Return every entry exactly, except for any pictures.

◆ ◆ ◆ ◆ ◆ ◆ ◆

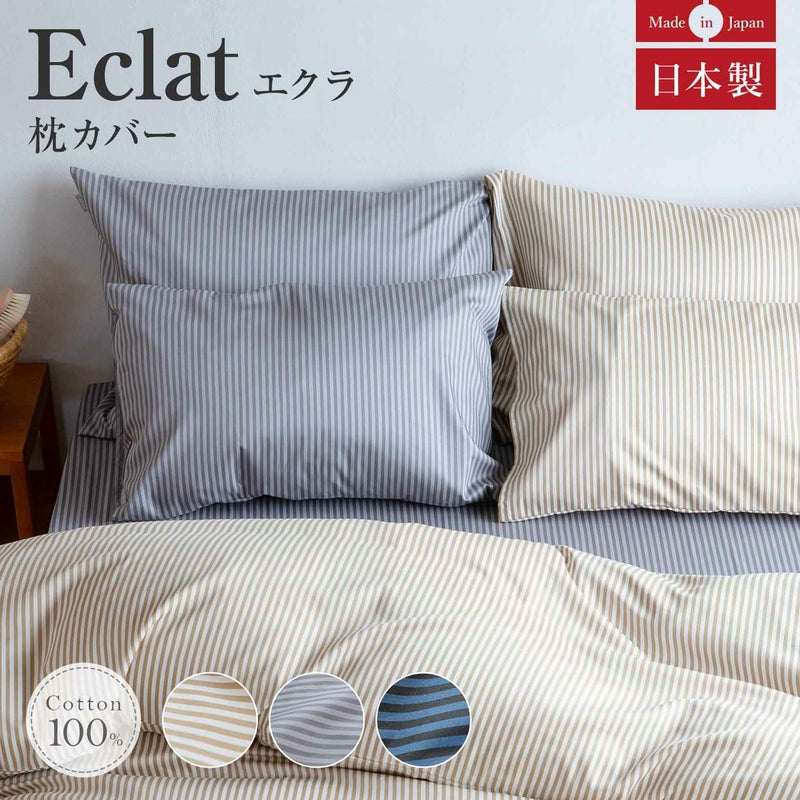 国産 サテンストライプ eclat (エクラ)【枕カバー】(50×70cm)
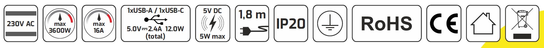 - zásuvka obsahuje: 1 x zásuvku 230V a 2 x USB nabíjecím portem 5V / 2,4 A a 1 x zásuvku RJ 45 pro internet
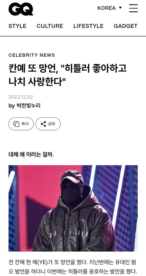 지금 미국, 유럽에서 칸예 인식은
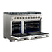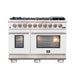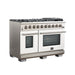 FORNO Capriasca 48-inch Gas Range Stainless Steel, 8 Brass Burners 160,000 BTU, 6.58 cu.ft. Double Oven, White Doors
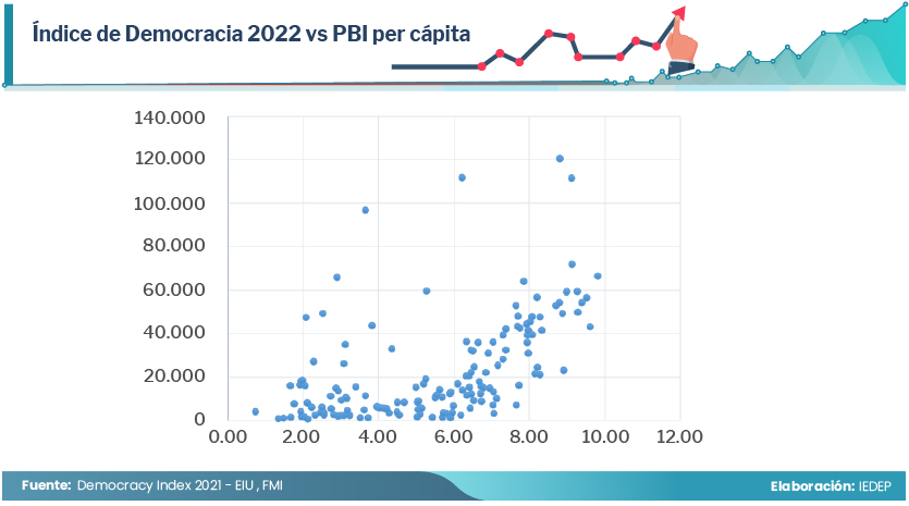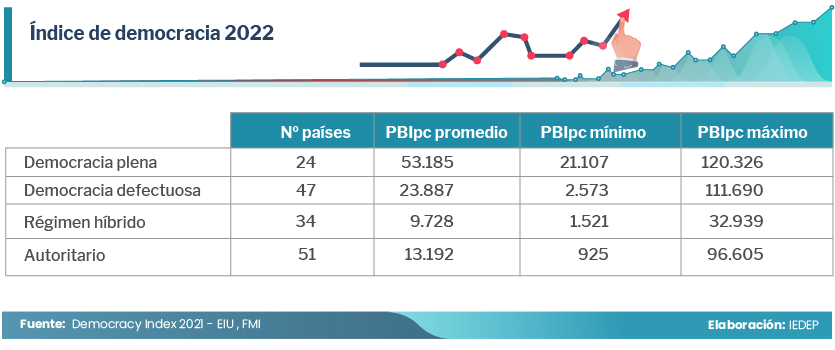 Lo interesante de los resultados obtenidos a través del estudio, es que muestran que aquellos países en los que rige una democracia plena alcanzan un mayor bienestar económico, medido por el PBI per cápita en dólares de paridad de poder de compra. Esto no solo se ve en el resultado promedio de los países, sino también en el rango mínimo y máximo resultante. En el caso de los países con democracia plena, el PBI per cápita promedio es de US$ 53.185, y el intervalo en que fluctúa dicho indicador en los 24 países considerados se ubica entre los US$ 21.107 y US$ 120.326. Aquí destacan países como Noruega, Nueva Zelanda, Suecia, Suiza, Luxemburgo y los sudamericanos Uruguay y Chile.
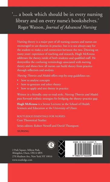 Nursing theory is a major part of all nursing courses and nurses are encouraged to use theories in practice, but it is not always easy for the student to make a real connection between the two. Drawing on many years' experience of teaching and research, Hugh McKenna addresses the theory needs of both students and qualified staff. He demystifies the confusing terminology associated with nursing theory and shows how all nurses can build theory from practice through reflection and analysis. This text offers step-by-step guidelines on: * how to analyse concepts * how to generate and select theory * how to apply and test theory in practice. Written in a friendly, easy to read style, Nursing Theories and Models puts forward realistic strategies for bridging the theory-practice gap.
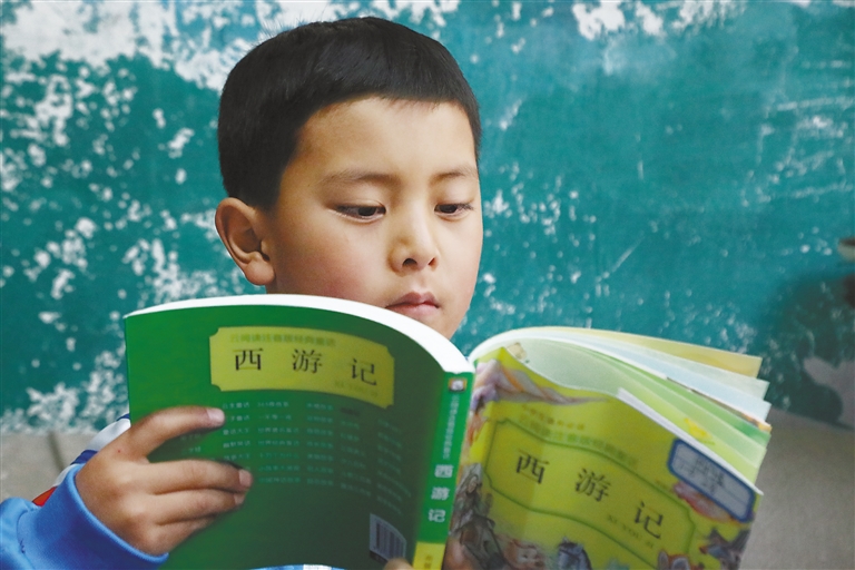 拉萨市第一小学一年级 5 班学生图丹嘉认真阅读同学赠送的课外读物。

◆ ◆ ◆ ◆ ◆ ◆ ◆

• [Response to the exercise]:
 国産 サテンストライプ eclat (エクラ)【枕カバー】(50×70cm)
 - zásuvka obsahuje: 1 x zásuvku 230V a 2 x USB nabíjecím portem 5V / 2,4 A a 1 x zásuvku RJ 45 pro internet
 지금 미국, 유럽에서 칸예 인식은
 FORNO Capriasca 48-inch Gas Range Stainless Steel, 8 Brass Burners 160,000 BTU, 6.58 cu.ft. Double Oven, White Doors
 Lo interesante de los resultados obtenidos a través del estudio, es que muestran que aquellos países en los que rige una democracia plena alcanzan un mayor bienestar económico, medido por el PBI per cápita en dólares de paridad de poder de compra. Esto no solo se ve en el resultado promedio de los países, sino también en el rango mínimo y máximo resultante. En el caso de los países con democracia plena, el PBI per cápita promedio es de US$ 53.185, y el intervalo en que fluctúa dicho indicador en los 24 países considerados se ubica entre los US$ 21.107 y US$ 120.326. Aquí destacan países como Noruega, Nueva Zelanda, Suecia, Suiza, Luxemburgo y los sudamericanos Uruguay y Chile.
 Nursing theory is a major part of all nursing courses and nurses are encouraged to use theories in practice, but it is not always easy for the student to make a real connection between the two. Drawing on many years' experience of teaching and research, Hugh McKenna addresses the theory needs of both students and qualified staff. He demystifies the confusing terminology associated with nursing theory and shows how all nurses can build theory from practice through reflection and analysis. This text offers step-by-step guidelines on: * how to analyse concepts * how to generate and select theory * how to apply and test theory in practice. Written in a friendly, easy to read style, Nursing Theories and Models puts forward realistic strategies for bridging the theory-practice gap.
 拉萨市第一小学一年级 5 班学生图丹嘉认真阅读同学赠送的课外读物。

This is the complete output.